In other words, I had taken my blank shot, and now I was coming for them.

When the instructors heard that, I could tell they wanted my ass. By that point in the course I had taken down some pretty good scores, and that alpha-male, head-butting energy was in the air: They really wanted to nail me. I started hearing all this chatter over the walker’s radio. Neither of the instructors could see me, but they didn’t want to give up. They started scouring my vicinity, searching for me like crazy.

“Hey, man,” I said to the walker, “what the hell? Can I take the shot, or what?”

Finally he told the instructors he was giving me my bullet. He handed it over, and I took the shot. As bad as they wanted me, they didn’t get me. I scored a 10.

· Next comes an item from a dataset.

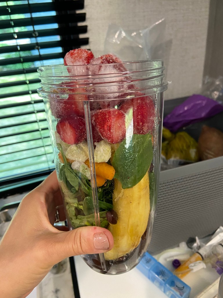 Photo below is er blend from 2 of her meals today: black beans, plantain, avocado, cooked carrots, spinach, strawberries, pink salt, and water. Her feed I blended for breakfast and lunch tomorrow: lentils, potatoes, kiwi, banana, blueberries, spinach, hemp hearts, spirulina powder, barley grass juice powder, pink salt, prunes, and water. She is definitely getting a great variety of foods everyday…

I started walking back, and as I neared the start point there was Glen, crawling on his stomach. “I’m an idiot,” I heard him mumble.

After that I helped a few other classmates who were having a hard time getting the hang of it. We were coming down to the very last stalk, and there were three guys who had racked enough poor scores that they now needed to get a perfect score, or else they wouldn’t pass. All this time and effort, and it was coming down to this one last stalk that would decide whether or not they would become SEAL snipers. The level of tension was inhuman.

These were really good guys, and I badly wanted all three of them to make it. On our last stalk before the final test, I went with them, doing everything I could to help them get themselves a clean, fast pathway into the zone for a solid FFP. In the process, I didn’t pay enough attention to what I was doing myself and hung myself out a little too far. I got busted—and failed the stalk. I didn’t mind, though. I had enough margin in my accumulated scores to make it through even with a 0 on that one. When the final stalk came, two of them made it. The third went home.

Here was the funny thing: When they read out those final scores, another guy and I had tied for first place—and after that came Glen, right behind us in second place.

I looked over at him and said, “You bastard! What do you mean, you were in jeopardy of failing? You were doing
fine
. You almost passed me up in points, you bastard!”

But that’s Glen: He’s an absolute perfectionist. He always wants to do better. It’s one of the traits that makes him great.

We left Niland and headed back to Coronado to take some brief instruction in how to waterproof our weapons and how to take care of them when going in and out of the water. After graduation we would go on to spend another week doing some two-man contact drills and over-the-beach training, but for all practical purposes, we were done. We’d made it.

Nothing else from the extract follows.